I came across this quote: ‘Literature is the greatest of artistic forms because it is capable of incredible subtlety’. There’s so much wrong with that, where do you start? The misuse of the word ‘incredible’ is a bit of a giveaway – lacking subtlety, one might say. And is it being suggested that the masses of Palestrina, say, or Beethoven’s last quartets or a Rembrandt drawing, lack subtelty?


Here are some other quotes that are, similarly, just as likely to be conversation-stoppers as conversation-starters:


  • ‘Words are often so ambiguous, so vague, so easily misunderstood in comparison to music’ – Felix Mendelssohn.

  • ‘All the arts live by words’ (‘Tous les arts vivent de paroles’) – Paul Valéry.

  • ‘Painting is the most artificial of the arts’ – Francis Bacon.


There are flaws in all of these, illustrating how inadequate language is (what is meant by ‘misunderstood’ here, or ‘vivent’, or ‘artificial’…?).

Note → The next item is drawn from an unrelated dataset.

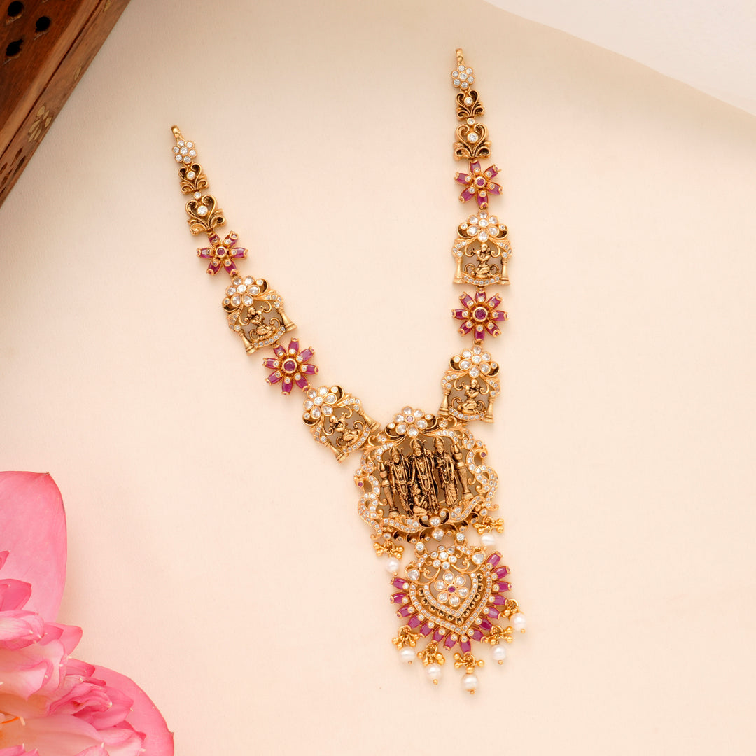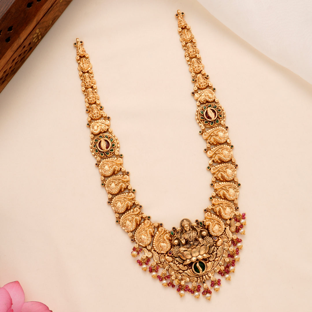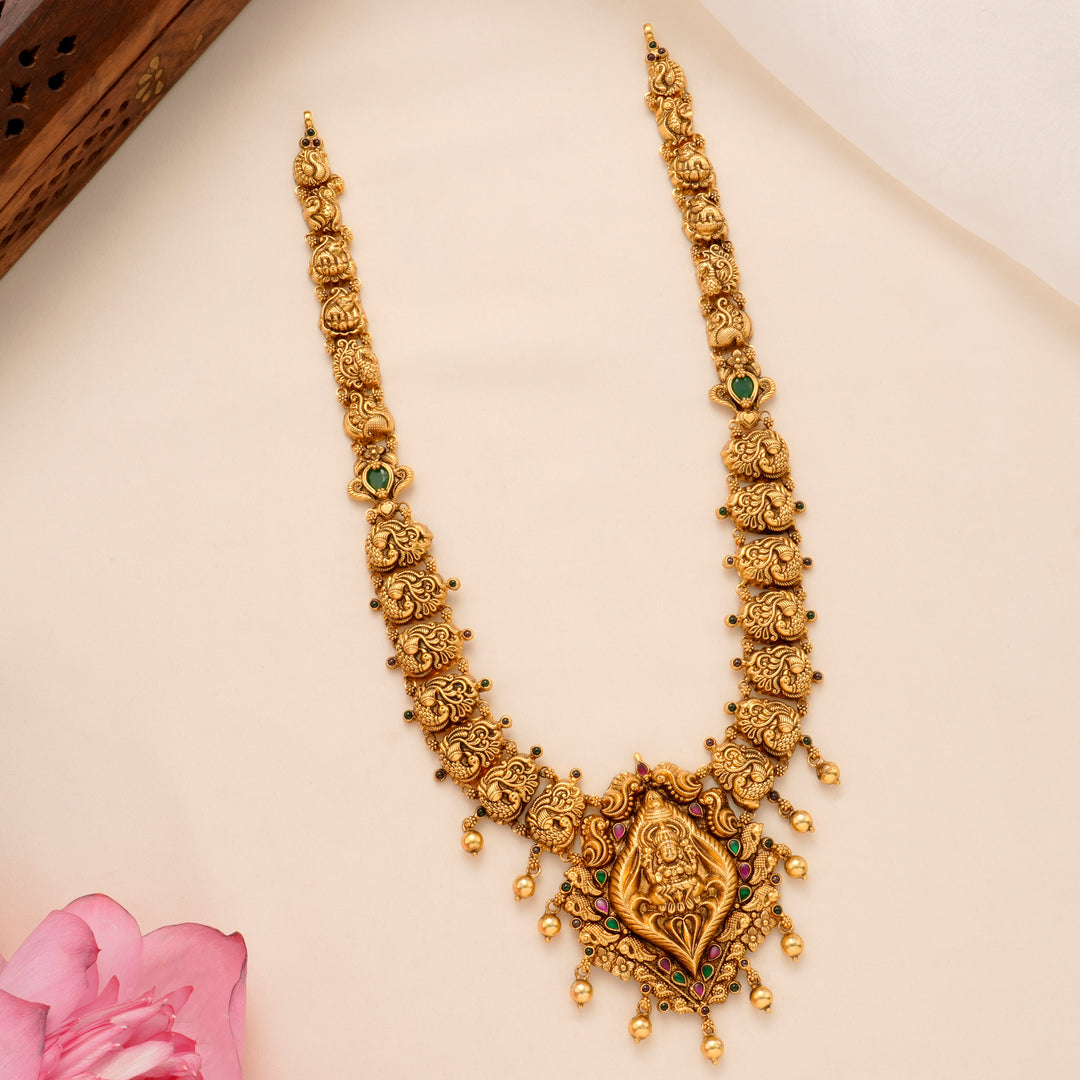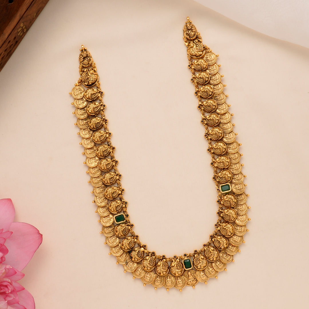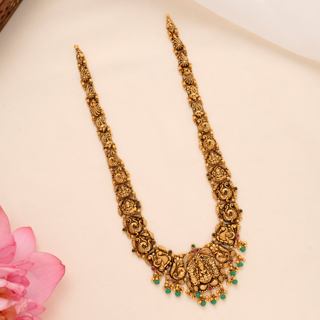 Choose from the grandeur of the Antique Coral & White Stone Lakshmi Haram (₹34,200) or the intricate Heritage Emerald Lakshmi Necklace (₹36,950). Whether it’s the majestic Two-Layer Regal Peacock Haram (₹35,850) or the elegant Pearl Drop with Lakshmi Antique Necklace (₹9,200)—every necklace tells a story.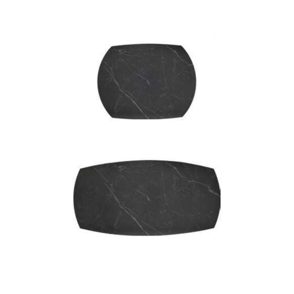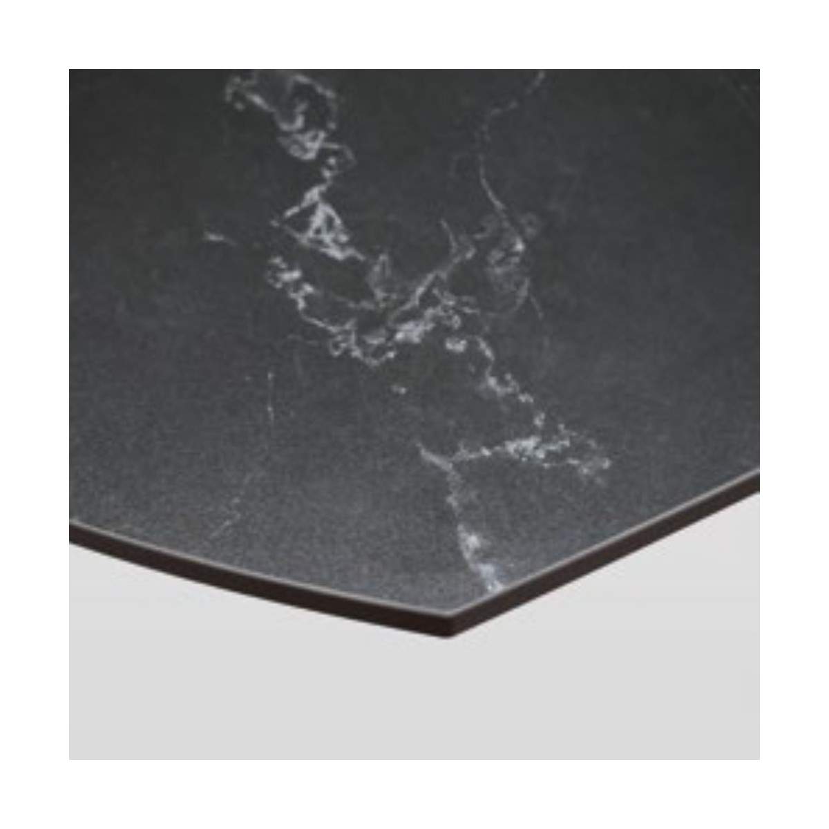 La base in metallo colore nero dona stabilità e carattere, mentre il piano opaco arrotondato in ceramica effetto marmo nero aggiunge eleganza e resistenza, ideale per l’uso quotidiano.

The inadequacy of language in ennabling humans to communicate effectively with one another – for example in attempts to arrest the decline we have brought to the planet – reflects the muddle of our partial evolution, and I fear the contribution of literature is relatively trivial.


I think there is great value in reflecting on any art in relation to any other art; but no value whatsoever in claiming one to be superior to others.